Thanks for getting this effort started! IMO this is a very interesting use case for Croissant.
To start with, I would suggest examining whether any changes are needed to the Croissant spec to support this use case. This would determine whether a Croissant extension is needed or not.
Based on your description, it sounds like the main aspect is support for the 5 file formats used in this domain. If these have associated mime types, then it should be possible to describe the corresponding files in a Croissant description.
To make the MLCroissant python library work with those files, we probably need to integrate with the corresponding python libs for these formats.
Next, beyond describing resources as FileObject / FileSets, we need to map their contents to RecordSets. Is any of these formats structured? If so, is there a natural way to map their contents to Fields? If they are akin to columns, then just specifying the coressponding column ids / names is sufficient. If the data is hierarchical, then we need something like a path language.
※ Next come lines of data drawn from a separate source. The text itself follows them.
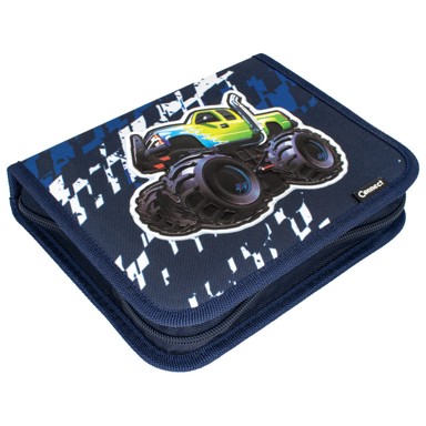CONNECT pernica Monster Race 1B 25 nudi uzbudljiv dizajn s motivima nemani i utrka, idealna za djecu koja uživaju u akciji i pustolovinama. Kompaktnih dimenzija 20x16x4 cm, opremljena je jednim patentnim zatvaračem i dvama preklopima, te sadrži 35 komada školskog pribora, uključujući flomastere u 12 boja, drvene boje u 12 nijansi, dvije grafitne olovke, tehničku olovku, kemijske olovke, šiljilo, gumicu, ravnalo, mine i rasporede sati.
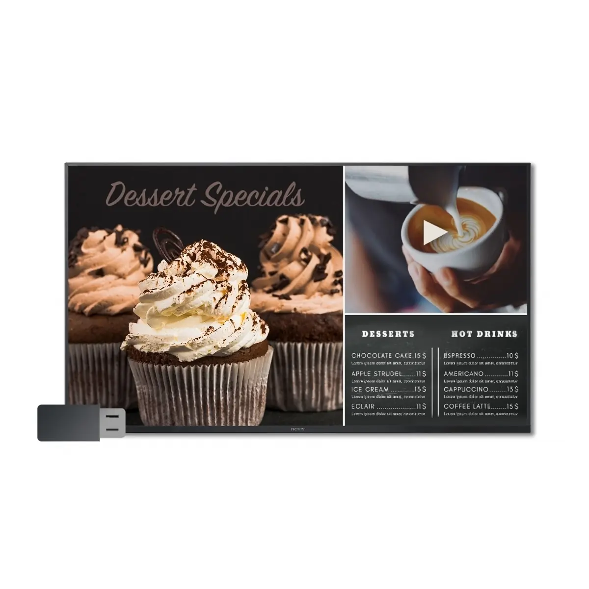 Ontdek de gratis software digital signage van het merk Sony . Met deze software, direct geïntegreerd op het scherm, kunt u inhoud voor uw klanten creëren : menu voor uw restaurant, promoties om in uw winkel weer te geven, informatie om te delen met uw patiënten in de wachtkamer, enz.
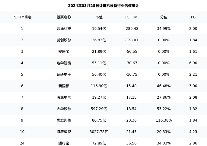 从估值角度看:通行宝最新市盈率PETTM为36.56,在行业内排名20/81,处于34.03分位。
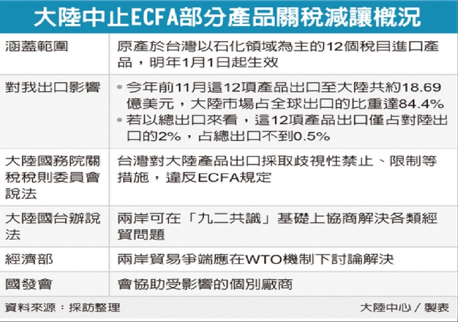大陸對台貿易壁壘調查結果出爐後,昨(21)日進一步公告自明年1月1日起,中止《海峽兩岸經濟合作架構協議》(ECFA)部分產品關稅減讓,範圍涵蓋原產於台灣以石化領域為主的12個稅目進口產品。大陸國台辦表示,兩岸可在「九二共識」基礎上協商解決各類經貿問題。

@steffenvogler cool use case! We are also looking for the ways to integrate Bioimaging data with Croissant: #CroissantML > Publishing Bioimaging Datasets for AI, maybe there could be some synergies with medical imaging. And in my department we also extensively work with medical images, so happy to chat about this too :)
One thing that should be integrated in Croissant could be the RTSTRUCT annotation format - or maybe there are specialized Python libs that could facilitate the integration? As it is essentially a structured format, maybe we could map the annotations to RecordSets / Fields with appropriate semantic annotations.
Thank you so much @benjelloun for rough direction of determining complexity of extending Croissant capabilities.
@stefanches7: Oh... I didn't see the MLCroissant Bioimaging thread on image.sc (I am rarely there). Since I am originally from bioimaging, I know both sides of the game and found the distinction between bio and medical imaging very unfortunate and suboptimal. Ideally we join forces, but without being spread thin between too many features.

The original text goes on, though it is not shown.